_The problem_
The required output is the lines of the listing from the beginning through the line containing "De acordo com", each copied exactly, without any pictures.

_Supplied information_
# # #

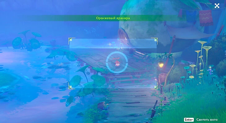 А если пройти к хижинам, где находятся врата, через которые вы проходили в задании, то можно сфотографировать оранжевого аранару.
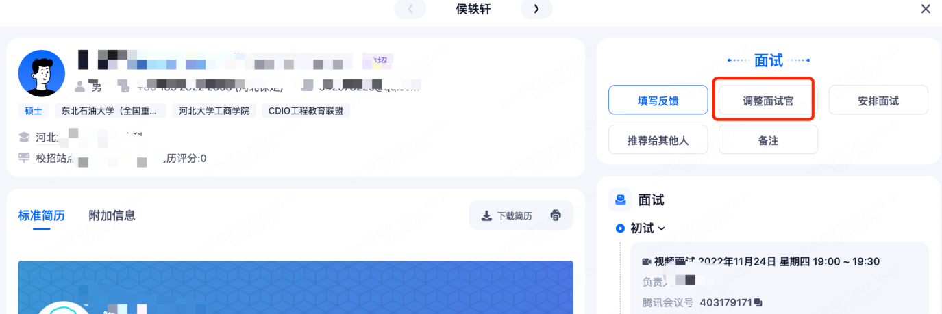 若您临时无法参加面试,需要调整面试官,您可以进入简历详情,点击PC端的右侧栏或移动端右上角三个点,即可修改或增加面试官。
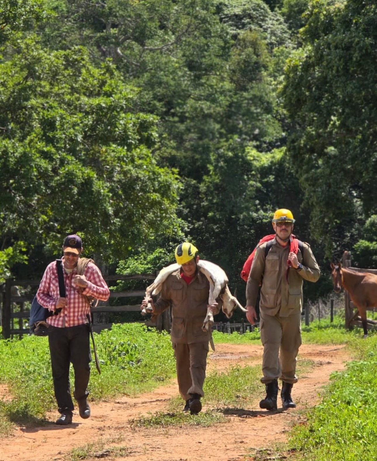 De acordo com as informações repassadas à corporação, um guia do parque vinha escutando os berros do animal há cerca de cinco dias. Durante uma caminhada pela região, ele conseguiu localizar o bode preso em um ponto de difícil acesso, em meio a um despenhadeiro íngreme.
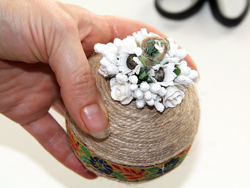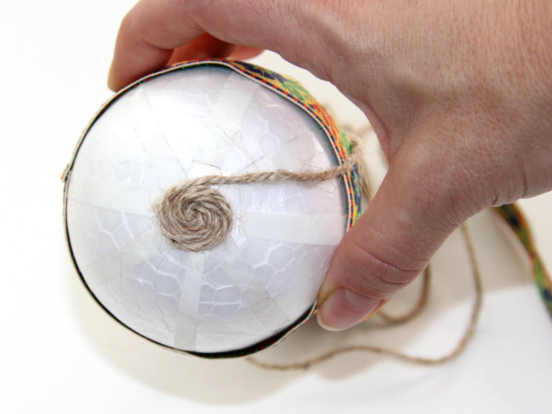 Z jutovej šnúrky urobíme slimáčika a prilepíme na polystyrénovú guľu. Obmotávame guľu až k stuhe. Kraj stuhy mierne skryjeme pod jutovú šnúrku. Koniec šnúrky prišpendlíme alebo prilepíme ku guli. Tak isto obmotáme šnúrkou aj druhú polovicu polystyrénovej guli.

# # #

_Response below_
 А если пройти к хижинам, где находятся врата, через которые вы проходили в задании, то можно сфотографировать оранжевого аранару.
 若您临时无法参加面试,需要调整面试官,您可以进入简历详情,点击PC端的右侧栏或移动端右上角三个点,即可修改或增加面试官。
 De acordo com as informações repassadas à corporação, um guia do parque vinha escutando os berros do animal há cerca de cinco dias. Durante uma caminhada pela região, ele conseguiu localizar o bode preso em um ponto de difícil acesso, em meio a um despenhadeiro íngreme.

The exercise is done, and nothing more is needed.